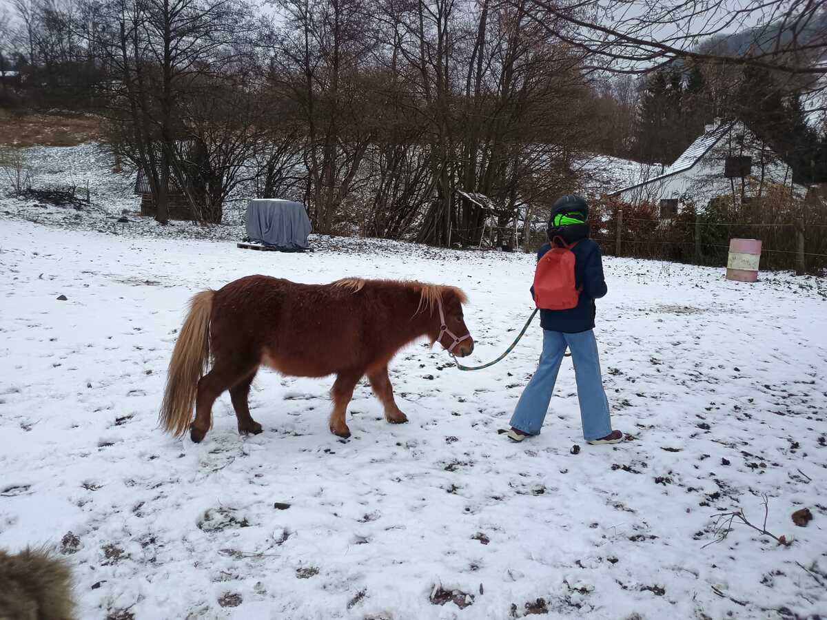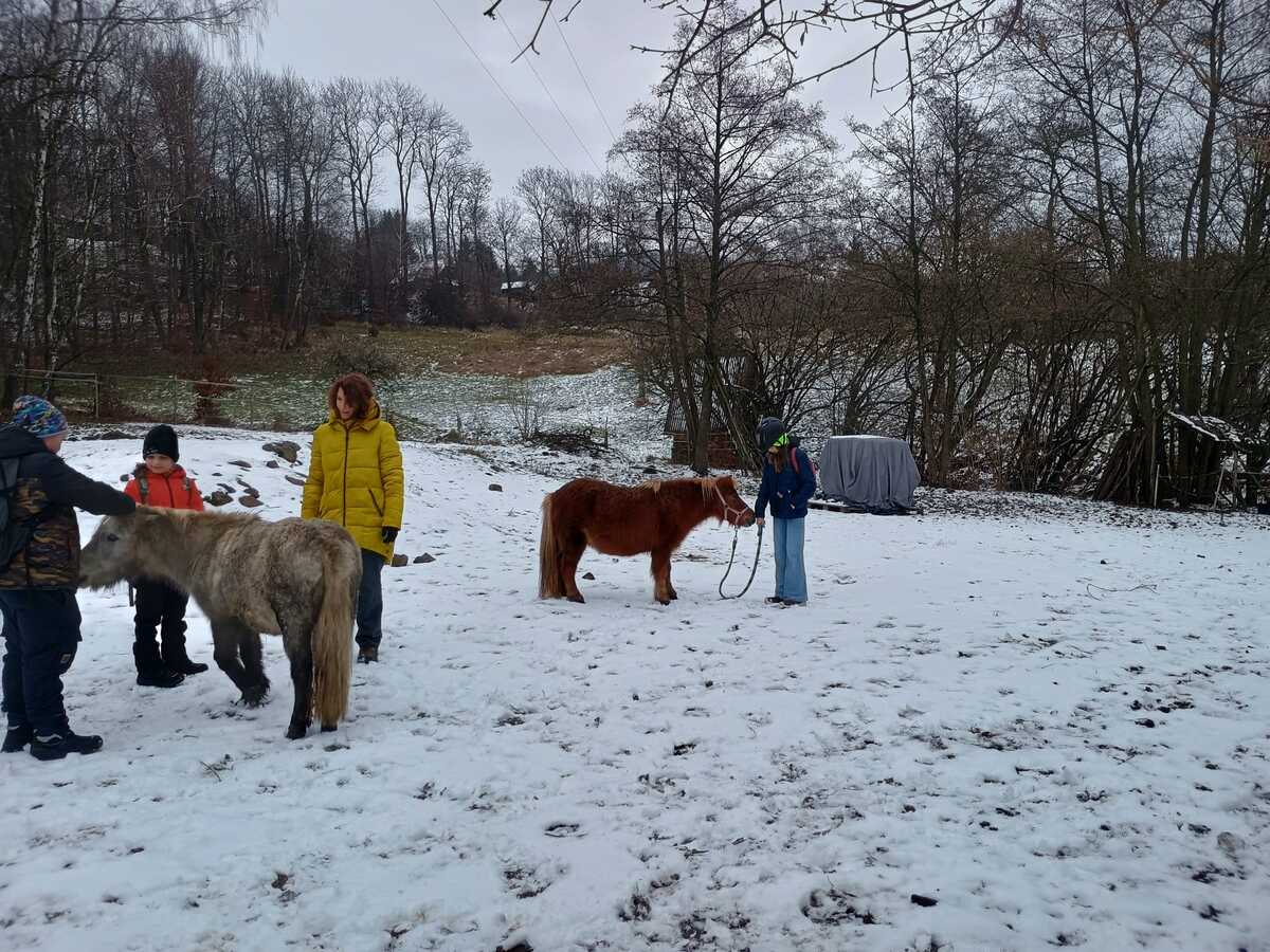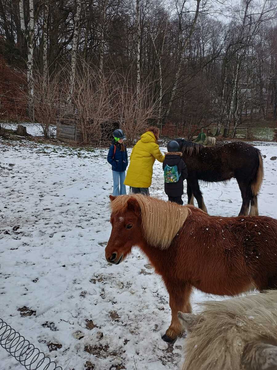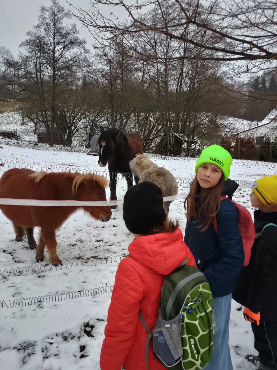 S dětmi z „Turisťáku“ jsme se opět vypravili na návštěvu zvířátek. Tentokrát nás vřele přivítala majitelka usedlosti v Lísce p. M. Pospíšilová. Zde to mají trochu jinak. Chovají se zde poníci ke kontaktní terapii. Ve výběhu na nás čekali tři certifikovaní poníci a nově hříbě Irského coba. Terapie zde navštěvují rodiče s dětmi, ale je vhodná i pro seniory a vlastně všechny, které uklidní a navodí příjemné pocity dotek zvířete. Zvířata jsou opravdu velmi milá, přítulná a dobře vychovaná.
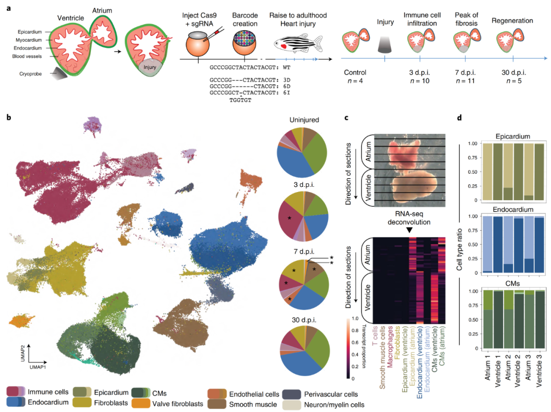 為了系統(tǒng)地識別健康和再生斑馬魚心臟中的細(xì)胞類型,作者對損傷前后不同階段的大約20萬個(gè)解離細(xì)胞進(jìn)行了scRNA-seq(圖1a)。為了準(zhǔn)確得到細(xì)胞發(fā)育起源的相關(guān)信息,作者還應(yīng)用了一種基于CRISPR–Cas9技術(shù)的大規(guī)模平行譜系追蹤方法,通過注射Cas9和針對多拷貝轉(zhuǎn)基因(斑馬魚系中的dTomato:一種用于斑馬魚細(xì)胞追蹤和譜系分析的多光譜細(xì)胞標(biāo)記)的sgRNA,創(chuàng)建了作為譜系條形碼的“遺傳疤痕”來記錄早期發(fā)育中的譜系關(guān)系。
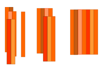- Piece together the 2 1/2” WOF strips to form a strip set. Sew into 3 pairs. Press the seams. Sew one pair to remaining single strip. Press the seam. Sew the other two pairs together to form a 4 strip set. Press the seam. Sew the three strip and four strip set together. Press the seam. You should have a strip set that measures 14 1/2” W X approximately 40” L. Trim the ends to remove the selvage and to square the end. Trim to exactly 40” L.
________________________________________
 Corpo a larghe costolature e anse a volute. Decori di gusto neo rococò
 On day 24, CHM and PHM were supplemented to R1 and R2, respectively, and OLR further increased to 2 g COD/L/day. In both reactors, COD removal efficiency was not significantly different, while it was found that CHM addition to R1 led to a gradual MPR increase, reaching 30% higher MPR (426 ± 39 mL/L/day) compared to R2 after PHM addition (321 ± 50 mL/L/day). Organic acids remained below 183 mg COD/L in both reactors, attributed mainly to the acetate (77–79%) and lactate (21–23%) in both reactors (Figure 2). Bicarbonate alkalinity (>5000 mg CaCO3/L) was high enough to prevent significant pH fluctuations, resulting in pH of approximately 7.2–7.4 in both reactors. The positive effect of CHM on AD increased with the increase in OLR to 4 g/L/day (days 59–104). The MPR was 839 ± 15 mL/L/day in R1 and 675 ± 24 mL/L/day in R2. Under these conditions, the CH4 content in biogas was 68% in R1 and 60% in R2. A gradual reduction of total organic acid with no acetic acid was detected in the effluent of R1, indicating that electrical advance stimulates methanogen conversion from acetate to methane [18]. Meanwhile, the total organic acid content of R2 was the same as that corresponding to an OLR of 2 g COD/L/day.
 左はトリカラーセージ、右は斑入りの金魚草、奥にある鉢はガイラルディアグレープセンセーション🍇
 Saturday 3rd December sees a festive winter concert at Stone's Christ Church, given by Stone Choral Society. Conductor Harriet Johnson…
________________________________________
*INSTRUCTIONS FOR THE TASK*.
Only the lines above from the one with "為了系統(tǒng)地識別健" to the one with "- Piece together" should be printed, both included and exactly as written; no picture belongs in the copy.

*RESPONSE BELOW*.
 為了系統(tǒng)地識別健康和再生斑馬魚心臟中的細(xì)胞類型,作者對損傷前后不同階段的大約20萬個(gè)解離細(xì)胞進(jìn)行了scRNA-seq(圖1a)。為了準(zhǔn)確得到細(xì)胞發(fā)育起源的相關(guān)信息,作者還應(yīng)用了一種基于CRISPR–Cas9技術(shù)的大規(guī)模平行譜系追蹤方法,通過注射Cas9和針對多拷貝轉(zhuǎn)基因(斑馬魚系中的dTomato:一種用于斑馬魚細(xì)胞追蹤和譜系分析的多光譜細(xì)胞標(biāo)記)的sgRNA,創(chuàng)建了作為譜系條形碼的“遺傳疤痕”來記錄早期發(fā)育中的譜系關(guān)系。
- Piece together the 2 1/2” WOF strips to form a strip set. Sew into 3 pairs. Press the seams. Sew one pair to remaining single strip. Press the seam. Sew the other two pairs together to form a 4 strip set. Press the seam. Sew the three strip and four strip set together. Press the seam. You should have a strip set that measures 14 1/2” W X approximately 40” L. Trim the ends to remove the selvage and to square the end. Trim to exactly 40” L.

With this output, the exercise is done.